Moving Walls:
The Barracks of America’s Concentration Camps

Only months after the bombing of Pearl Harbor, 463 barracks were built in a remote area in Wyoming to house more than 11,000 Americans of Japanese ancestry considered to be the enemy. After the war, these same buildings were used as shelter for homesteaders who bought these buildings for a dollar apiece. MOVING WALLS brings together two tales of struggle and resilience: the confinement of a people based simply on race and the settling of the American West by modern pioneers who chose to build new lives on the frontier.

Moving Walls

Moving Walls: The Barracks of America’s Concentration Camps

A new book and documentary chronicling what became of the barracks built to house 11,000 Japanese Americans at the Heart Mountain concentration camp, one of 10 camps built to incarcerate more than 120,000 Americans of Japanese ancestry, two-thirds of them American citizens, during World War II.

This eloquent reminder of a dark, dark time in American history—the incarceration of innocent Japanese Americans during WWII—has a welcome and unexpected ending. So many of the incarceration buildings have a new life as homes, sheds, and workshops to become part of the postwar American dream. It is a tribute to the power of lessons learned.

Tom Brokaw

I was 10 years old when my family was forcibly removed from our home in California, and ended up at this windy, dusty, and barren place called Heart Mountain.

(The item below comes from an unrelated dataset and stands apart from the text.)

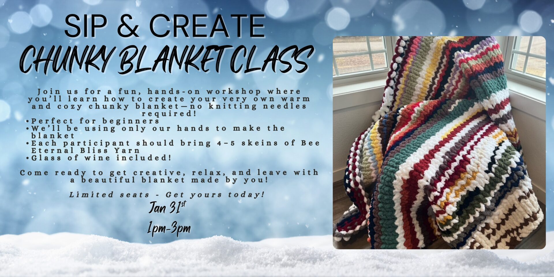 Join us for a fun, hands-on workshop where you’ll learn how to create your very own warm and cozy chunky baby size blanket—no knitting needles required!
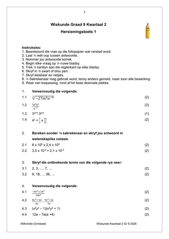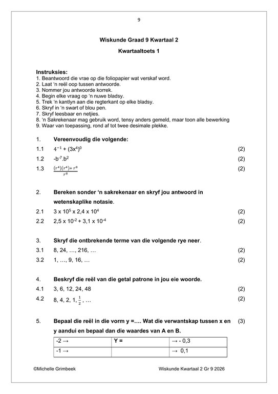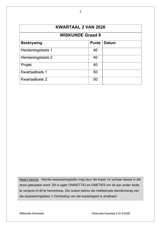 Wiskunde Gr. 9 Assesseringstaak 2026 Kwartaal 2Wiskunde Gr. 9 Assesseringstaak 2026 Kwartaal 2

Having returned to Heart Mountain many times, I have seen how some of the barracks have become livable homes and other structures, and their transformation is fascinatingly documented here. The barracks will always serve as a reminder of a time when our precious Constitutional rights were denied. We must be vigilant in our efforts to ensure freedom and liberty for all, regardless of race, religion or national origin.

Norman Y. Mineta, former U.S. Secretary of Transportation

This book tells the heartfelt story of the all-too-relevant tragedy when American citizens were imprisoned behind barbed wire without charge or trial based solely on their ancestry. As one of those prisoners, I remember well the makeshift barrack I shared with my family with dust flying through the gaping cracks in the walls. When I visited Heart Mountain, the camp that was the setting for our Broadway musical, Allegiance, I was surprised to see how many of the ramshackle barracks remained in this remote area of Wyoming. With stunning photographs, Moving Walls provides an up-to-date telling of the mass incarceration through the diverse eyes of Americans—then and now—who have been forever changed by it.